1004575 - ondemand_update test runs stalling out during recording results.

Reporter

Description

•

10 years ago

During todays ondemand_update test runs for beta channel the test runs began to stall in writing results. it was taking often ~30 minutes for runs to complete this step. Nils initial suspicion is the SurefireArchiver plugin. The end result was an entire run that took nearly 2 hours to complete.

sample console output:
http://mm-ci-master.qa.scl3.mozilla.com:8080/job/ondemand_update/66178/console

Tracy Walker [:tracy]

Reporter

Updated

•

10 years ago

Summary: ondemand_ppdate test runs stalling out during recording results. → ondemand_update test runs stalling out during recording results.

Nils Ohlmeier [:drno]

Comment 1

•

10 years ago

The last message before the big pause:
"Recording test results"
comes from the SurefireArchiver plugin. I checked a few of the machines which were waiting in this state, but did not see any CPU or other IO load. Looked like the machines were waiting for some network resource or so.

Henrik Skupin [:whimboo][⌚️UTC+1]

Assignee

Comment 2

•

10 years ago

(In reply to Nils Ohlmeier [:drno] from comment #1)
> "Recording test results"
> comes from the SurefireArchiver plugin. I checked a few of the machines

Not sure where you got this name from, but we are not running such a plugin. :)

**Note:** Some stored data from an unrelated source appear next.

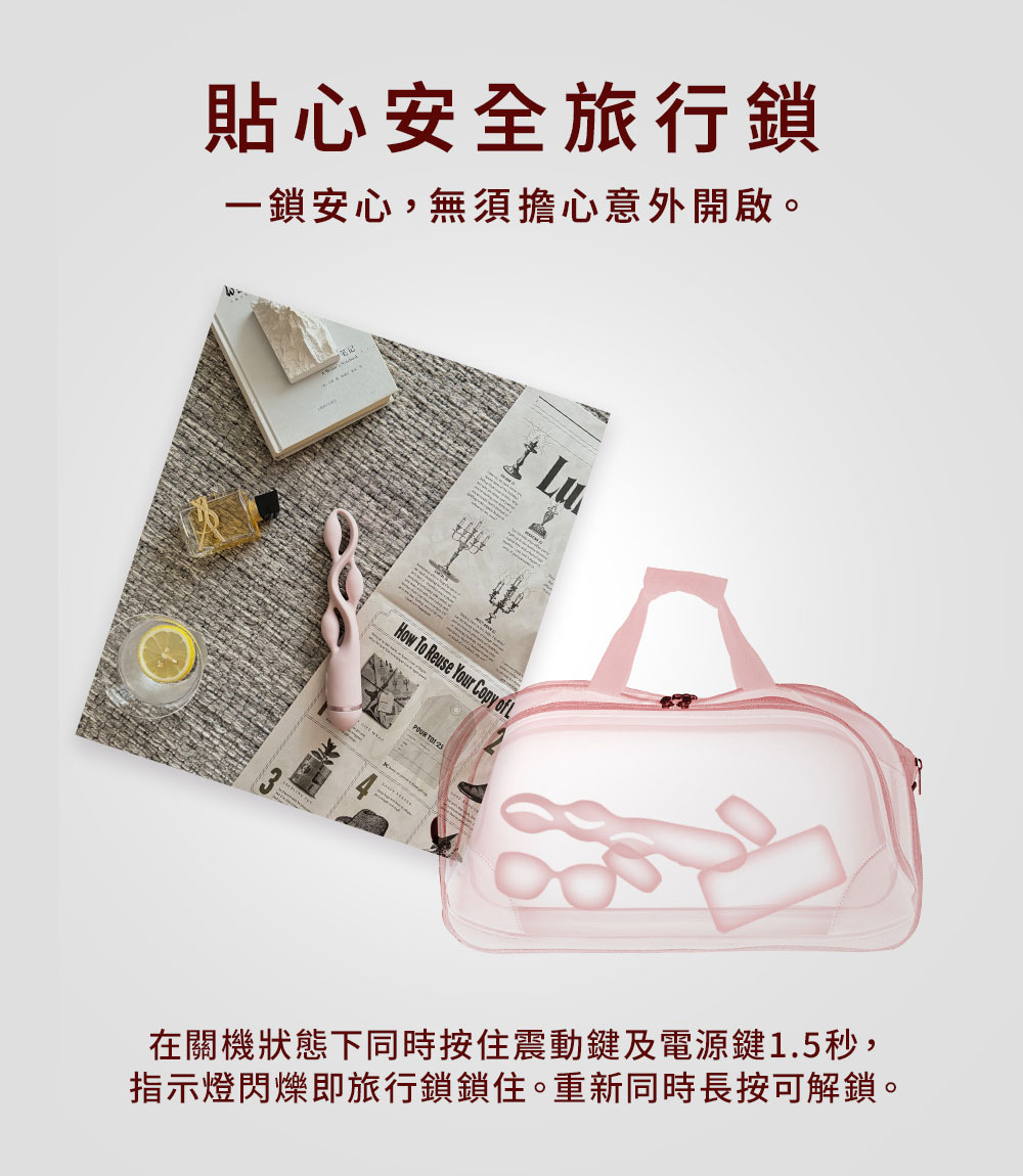 *在關機狀態下同時按住震動鍵及電源鍵1.5秒,指示燈閃爍即旅行鎖鎖住。重新同時長按可解鎖。
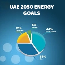 - UAE Energy Strategy 2050 targets 50% clean energy by 2050 with a 44/38/12/6 mix of clean energy, gas, clean coal and nuclear.
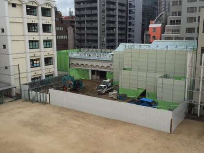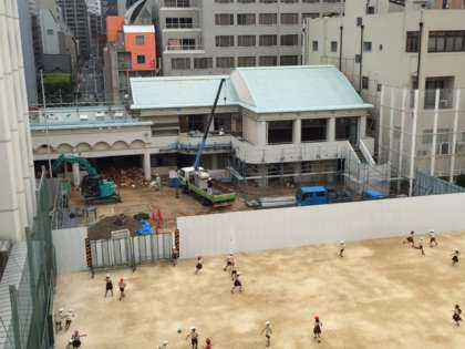 運動場に鋼板塀ができて10日、園舎の解体工事がすすんでいます。
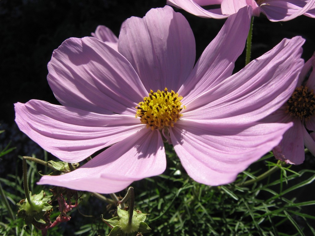 The cosmos patch is looking lovely lately. On these sunny days, under the clear sky and a low sun, the light seems to lie on the flowers like water in a saucer about to overfill. It’s a small patch, as only a couple of the plants survived, let alone thrived. But all this damp autumn weather has produced a nice spot of pinkness on the hill.
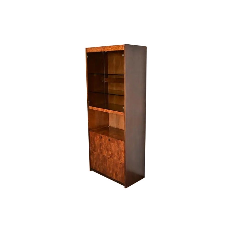 Jack Cartwright para Founders Librería o mueble bar iluminado de madera de burl, años 70
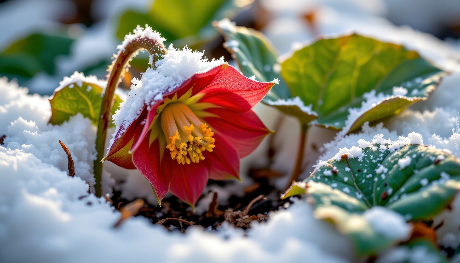 Edytor tapety: Czerwony kwiat i liście w śniegu

In such a case its best to open up the trend for this testrun, which is available here:
http://mm-ci-master.qa.scl3.mozilla.com:8080/job/ondemand_update/buildTimeTrend

As you can see job 66141 is the first one with this massive delay, and which also failed:
http://mm-ci-master.qa.scl3.mozilla.com:8080/job/ondemand_update/66141/console

When you check elapsed time on the left side, you will notice that it has been taken a very long time to install Firefox:

> 00:10:31.786 *** Installing build: c:\jenkins\workspace\ondemand_update\builds\firefox-29.0b8.it.win32.exe
> 00:25:37.846 *** Creating backup of binary: c:\jenkins\workspace\ondemand_update\data\binary_backup

We exactly spent 15 minutes in installing Firefox, after already 10 minutes in trying to download Firefox. So something may have been wrong on mm-win-8-32-3 or additional a network glitch.

Best would have been to cancel such a job on that machine and put the machine offline for further investigation.

As said on IRC yesterday, collecting the results depend on the former job to be finished. So if one job takes a very long time, it will delay all successive ones.

Component: Mozmill Automation → Infrastructure

Keywords: regression

OS: All → Windows 8

QA Contact: hskupin

Henrik Skupin [:whimboo][⌚️UTC+1]

Assignee

Comment 3

•

10 years ago

Actually the download hasn't been taken that long:

> 00:01:15.832 [EnvInject] - Variables injected successfully.
> 00:04:42.574 Copied 1,954 artifacts from "get_mozmill-environments" build number

Kinda long time to getting the environments copied over, but with a huge load of our machines, it could be caused by overloading the master with requests. Also Jenkins still compresses the files each time. We have to wait for a fix.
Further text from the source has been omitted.